Juan se deja acariciar y levanta la cara hacia el sol con los ojos cerrados. Mil soles se encienden dentro suyo, brillando en la oscuridad y dispersándose desde la frente hacia todos lados, como formando pétalos de diente de león. No sabe si es verdad o si lo está imaginando, pero le parece escuchar a su papá que, mientras se aleja, tararea la melodía que hace un rato cantaron juntos con Ema y Luciana. No dice nada. Prefiere dejar que el canto siga sonando con el viento de la tarde.

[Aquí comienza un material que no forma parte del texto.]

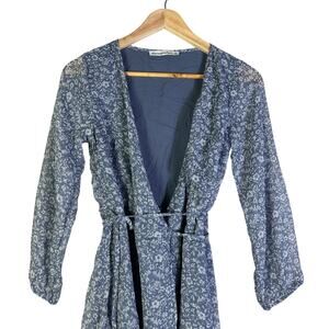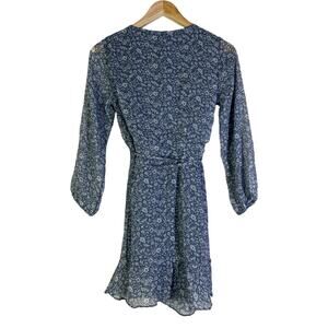 Abercrombie & Fitch Wrap Mini Dress XS Blue Floral Chiffon Sheer 3/4 Sleeve Boho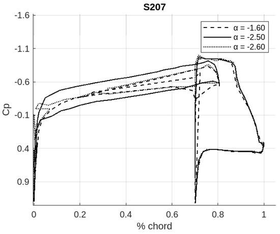 S207 airfoil pressure distributions at M = 0.70 and Re = 13.2 × 106 for α = −1.6°, −0.7°, and −0.6°. (Graph reproduced from [30]).

Cuando Ema lo ve, va a sentarse a su lado y le da un dibujo hecho en una hoja arrancada de su cuaderno. Es una vista general del valle y en una esquina, tiene la fecha de ese día y su firma. Juan le agradece contento y le dice que lo va a colgar en la pared de su cuarto. En silencio, se quedan mirando el río que baja por la montaña. Ema dice que cuando mira el paisaje le dan ganas de caminar, para ver los lugares en donde el agua desemboca. Y que Incluso al final, siempre hay otro camino por seguir, otro río del que encontrar su fuente. Juan la mira sonriendo, y le señala un panadero que está justo al lado de ella.
—¡Pedí un deseo!—le dice. 
Ema se inclina y sopla con los ojos cerrados, igual que como había hecho en el bosque de tabaquillos. Las semillas del diente de león se esparcen por el aire, blancas y livianas, y los chicos las ven viajar, promesas de flor en otros suelos. 
—¡Voy a escribirte sobre mis viajes, Juan! ¡Voy a mandarte mis dibujos y mis cartas!